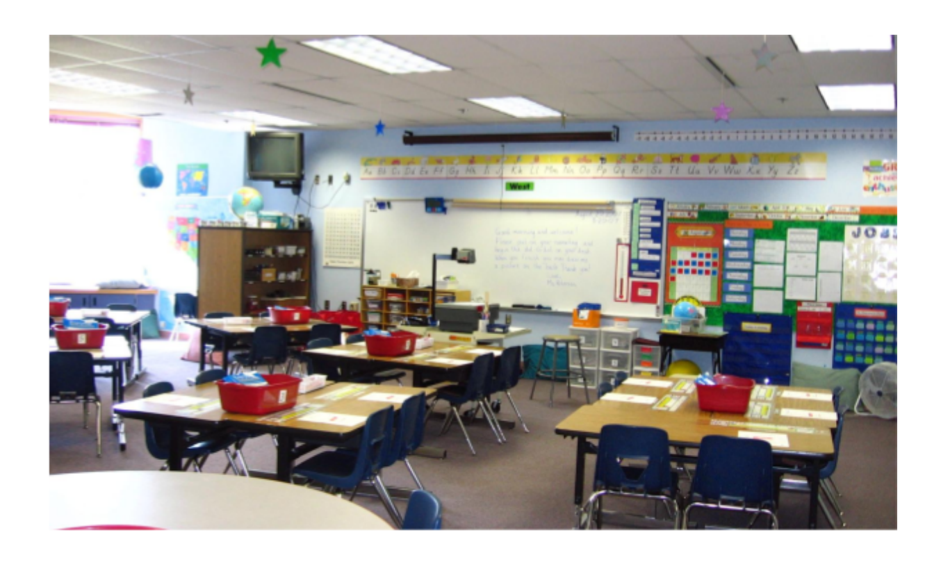
A teacher's classroom is their home away from home.

If you guessed you would find a teacher working in a school you would be right. Most traditional school buildings consist of numerous classrooms for different ages and grades. A teacher spends most of their time in their own classroom. However, they may also utilize other learning spaces such as a library, playground, or computer lab. Occasionally teachers take their classes on field trips out into the community and do their teaching on the go. Within the teaching environment educators need to be comfortable using several tools to enhance their instruction. Technology, including computers, iPads, document cameras, projectors, apps, internet, email and software programs are used frequently. While much of a teacher's time is spent with students or planning individually, perhaps the most valuable resource teachers have is time spent collaborating with other teachers on grade level teams and school committees.
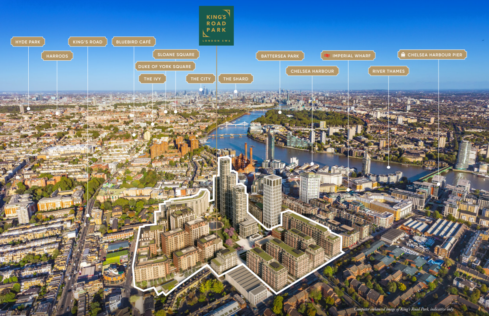
Computer enhanced image of King's Road Park, indicative only.
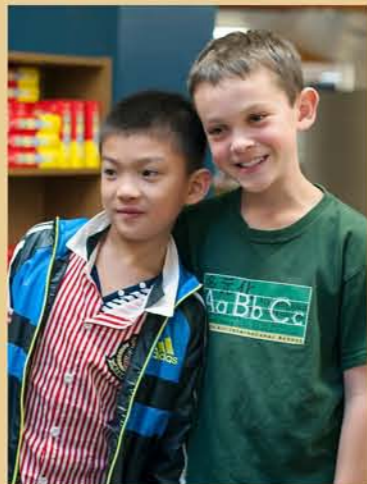
Confucius Institute of the State of Washington
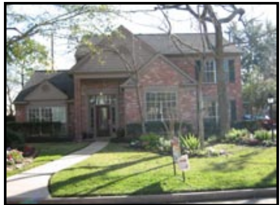
8914 Crazy Horse Trail - Alex & Lynn Watt

View the Winchester Trails Trailwriter each month on-line at www.PEELinc.com
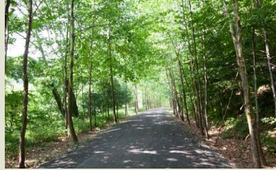
Pine Creek Rail Trail
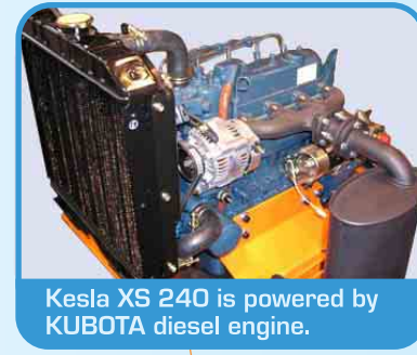
Kesla XS 240 is powered by KUBOTA diesel engine.
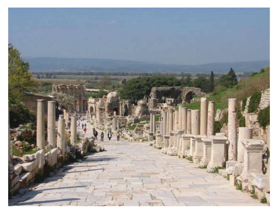
Fig. 3.4 Ephesos (View of the harbour from the so-called Curetes Street)

ancient city. According to Foss (1979), the building of the fortifications on the hill of Ayasoluk, during the seventh- and eighth-century Arab raids (on land and sea), together with the silting up of the harbor and the abandonment of the Episcopal complex of St. Mary, brought about the slow demographic and economic decline of the ancient lower city; meanwhile, in the late seventh century Ephesos was endowed with a new walled enceinte which, apparently in a careless way, set aside the two/third of the old urban landscape, incorporating buildings like the theatre and the stadium. Two different urban-like foci came to the fore: the old city landscape, which lay in ruins, and the hill of Ayasoluk where the Justinian's great basilica built over the burial of Saint John and a later fortification, enhanced its role as successor of the Classic Ephesos.
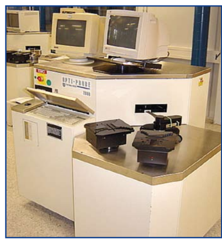
KLA-Tencor Thermawave OP-2600
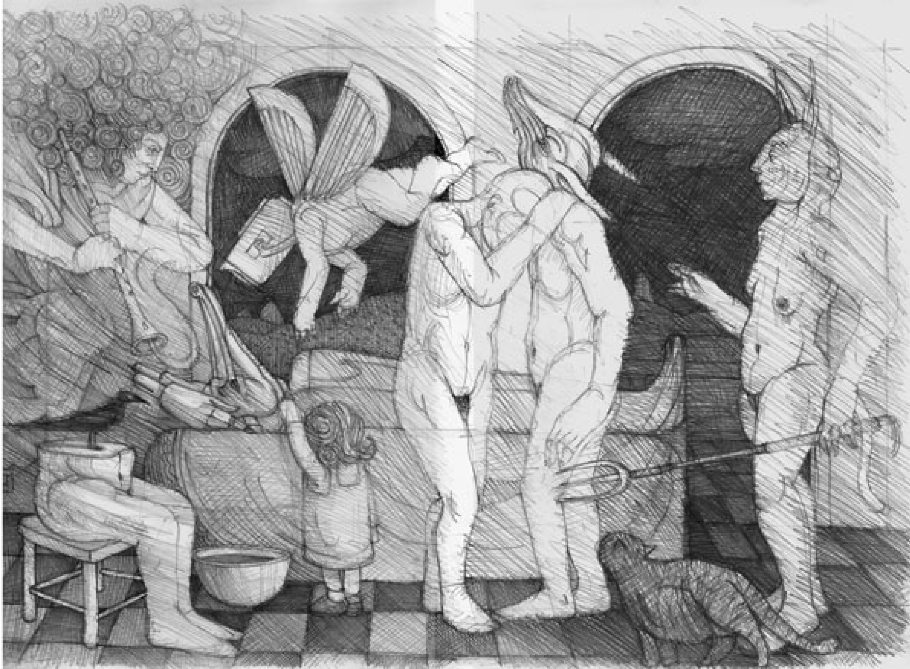
MY FUNERAL. Pencil on paper. From Private Nightmares series, London 2008.
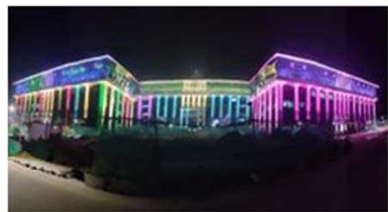
State-of-the-Art Dynamic Façade Lighting of Itanagar Secretariat Building on the occasion of Arunachal Day
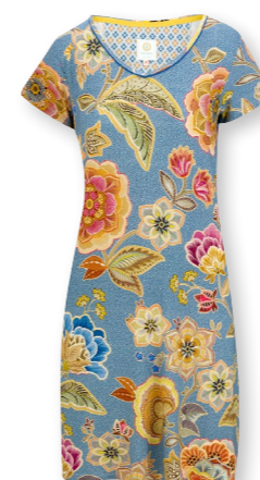
DJOY Short Sleeve Nightdress Matata Blue 95% Viscose | 5% Elastane
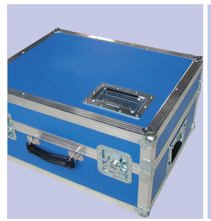
Including durable storage and shipping case
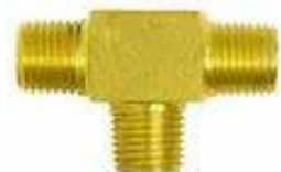
Brass Tee 1/4" BPM x 1/4" BSPM x 1/4" BSPM
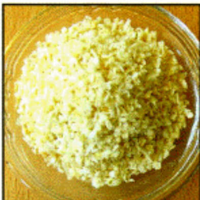
Dehydrated white/Red onion chopped minced
*-*-*
● What is expected:
Exactly the lines from the one holding "Including durable storage and shipping case" through the last line of the entries, both included, are to be duplicated; leave the pictures out.

● Answer box:
Including durable storage and shipping case
Brass Tee 1/4" BPM x 1/4" BSPM x 1/4" BSPM
Dehydrated white/Red onion chopped minced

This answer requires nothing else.